Even though the basic nature of good and evil is viewed differently in different philosophies, the general description of what is good is very broadly agreed upon.
The mother who loves her children and takes good care of them is good. The mother who beats her children and neglects them is bad.
Murder and stealing are bad. This agrees with the Sixth and the Eighth of the Biblical Ten Commandments. Most people who are not Christians agree with these two rules.
Working hard and taking care of yourself are good. Making it possible for others to work hard and to take care of themselves is good. Getting along with others and working cooperatively are good. Destroying things that others have worked hard to create is bad.
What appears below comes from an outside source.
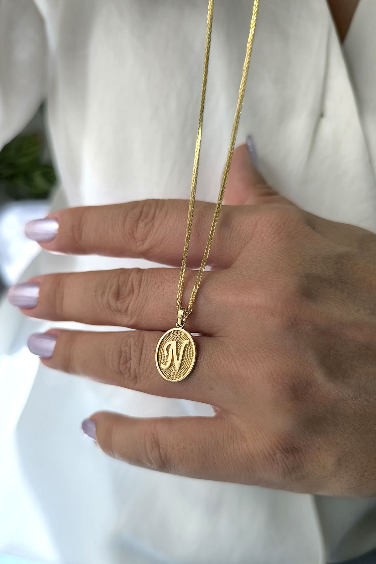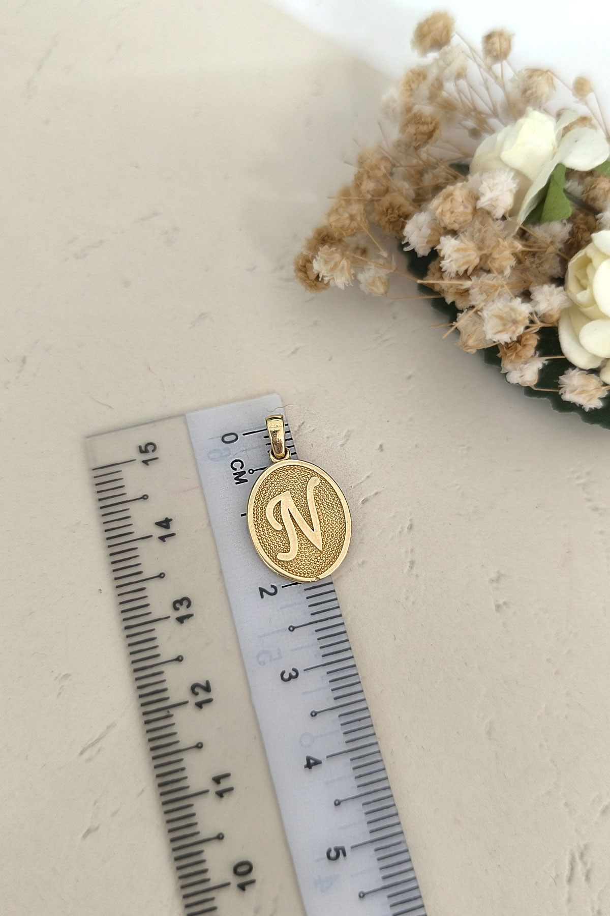 14 Ayar Altın Oval Spor Model N Harfi Tasarım Kolye Ucu.

Truth is good. Deception is bad. Scientific and technical knowledge is good.
IN POLITICS, LIBERTY IS GOODNESS
It is the nature of man to seek happiness. This can be widely agreed upon. To seek happiness, man must be free. This can also be widely agreed upon.
Therefore, Liberty is a right that can be agreed upon by all decent men.
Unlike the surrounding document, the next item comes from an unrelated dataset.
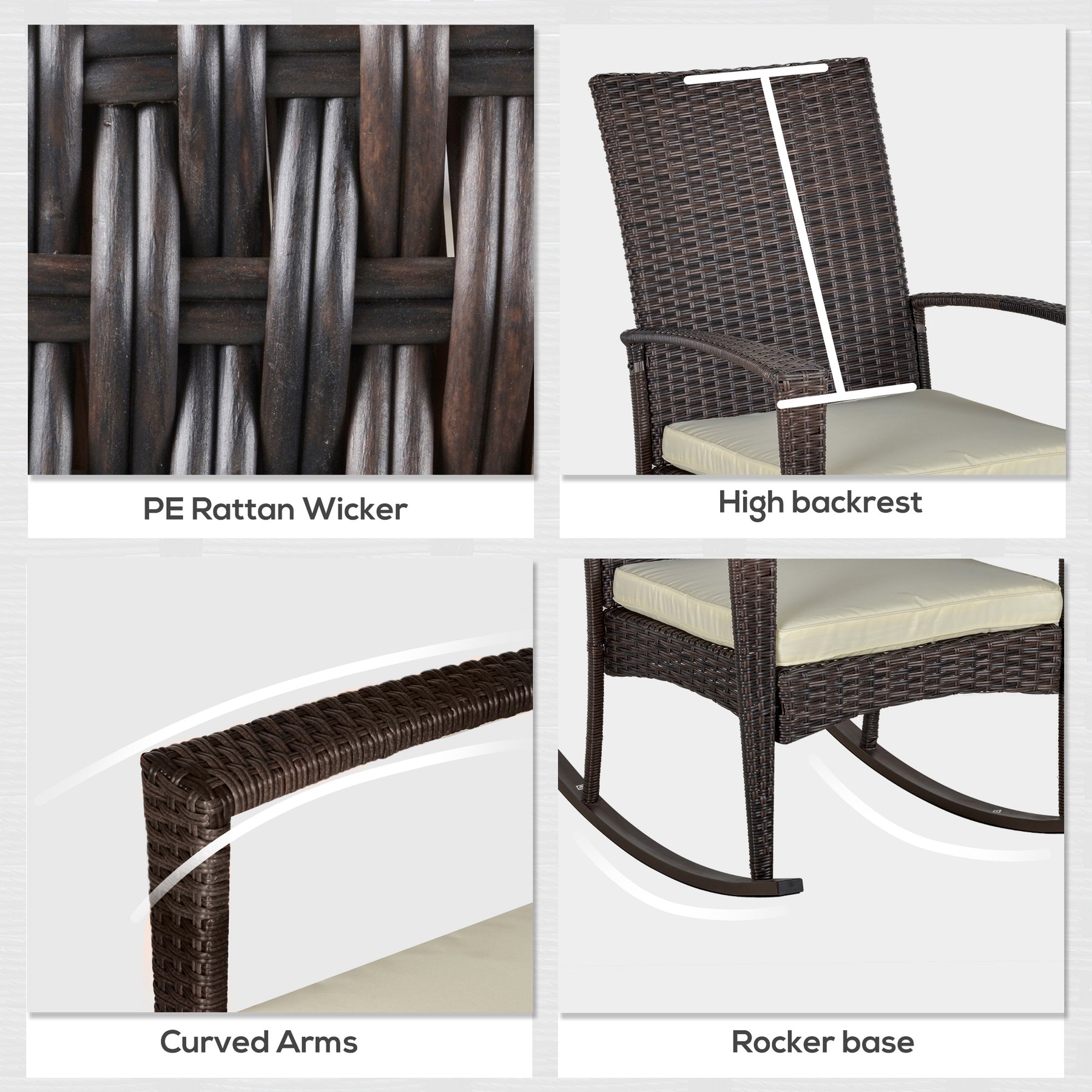 MCL PE Rattan Garden Rocking Chair, Outdoor Rocking with Cushion, 160 KG Capacity Wicker Garden Armchair Rocker with Metal Frame for Patio, Porch, Balcony, Brown

Spelling this out in more detail, the four basic rights, in order of importance, are Liberty, Life, Property, and Contract. The rights to life and property follow naturally from the right to Liberty. If life or property can be taken away from you, then you do not have Liberty. The right to contract is an extension of the right to property, and simply means that you can trade things and make commitments that must be honored.
LIBERTY, WAR, AND FINANCE
The three great issues in politics are Liberty, War, and Finance. These match up with the four basic rights.
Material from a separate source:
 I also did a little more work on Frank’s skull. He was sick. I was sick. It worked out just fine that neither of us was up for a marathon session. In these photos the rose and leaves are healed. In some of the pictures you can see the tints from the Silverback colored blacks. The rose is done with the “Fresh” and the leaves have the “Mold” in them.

Liberty is the greatest issue of politics, and is in fact the basic purpose of politics. This is the most basic and important of the four basic rights. Liberty is the highest good in politics.
War is not the only time when people get killed. But it is certainly the time when people get killed in the largest quantities. War is when the most evil is done in the least time. People often believe – incorrectly – that peace is the highest good in politics. This issue matches up with the right to life.
Government finance involves taxes, spending, welfare payments, fat contracts given to corporations, regulation of businesses, government debt, inflation, and economic booms and busts. These things include many ways of violating the right to property.
Thus we see that the hot issues in politics, now and throughout the ages, are matters of ethics, questions of right and wrong, questions of good and evil.
If politics is essentially about good and evil, and about making ethical judgments that affect large numbers of people, then surely it is a matter of great importance that truly good and honest men should be elected to political office.
Conversely, given the inherent power of political office, it can be expected that evil men and their agents will swarm to government and do all possible to gain political office and use that power to their own advantage.
Thus, inherently and inevitably, politics is a great conflict between good men and evil men.
THE U.S. DECLARATION OF INDEPENDENCE
The U.S. Declaration of Independence says, “We hold these truths to be self-evident, that all men are created equal, that they are endowed by their Creator with certain unalienable Rights, that among these are Life, Liberty, and the pursuit of Happiness. That to secure these rights, Governments are instituted among Men”.
In these noble words, the rights to Liberty and life are enshrined as the highest ideal of government, and it is stated bluntly that the purpose of government is to establish and to maintain these rights.
THE U.S. CONSTITUTION
The Preamble of the U.S. Constitution says, “We the people of the United States, in order to form a more perfect union, establish justice, insure domestic tranquility, provide for the common defense, promote the general welfare, and secure the blessings of liberty to ourselves and our posterity, do ordain and establish this Constitution for the United States of America.”.
Here again, it is stated bluntly that the purpose of the Constitution is to “secure the blessings of liberty”. We also want “domestic tranquility” and “common defense”, which means war if necessary but hopefully peace. “Justice” would certainly include defending the right to property. The great issues of politics – Liberty, War, and Finance – are all covered.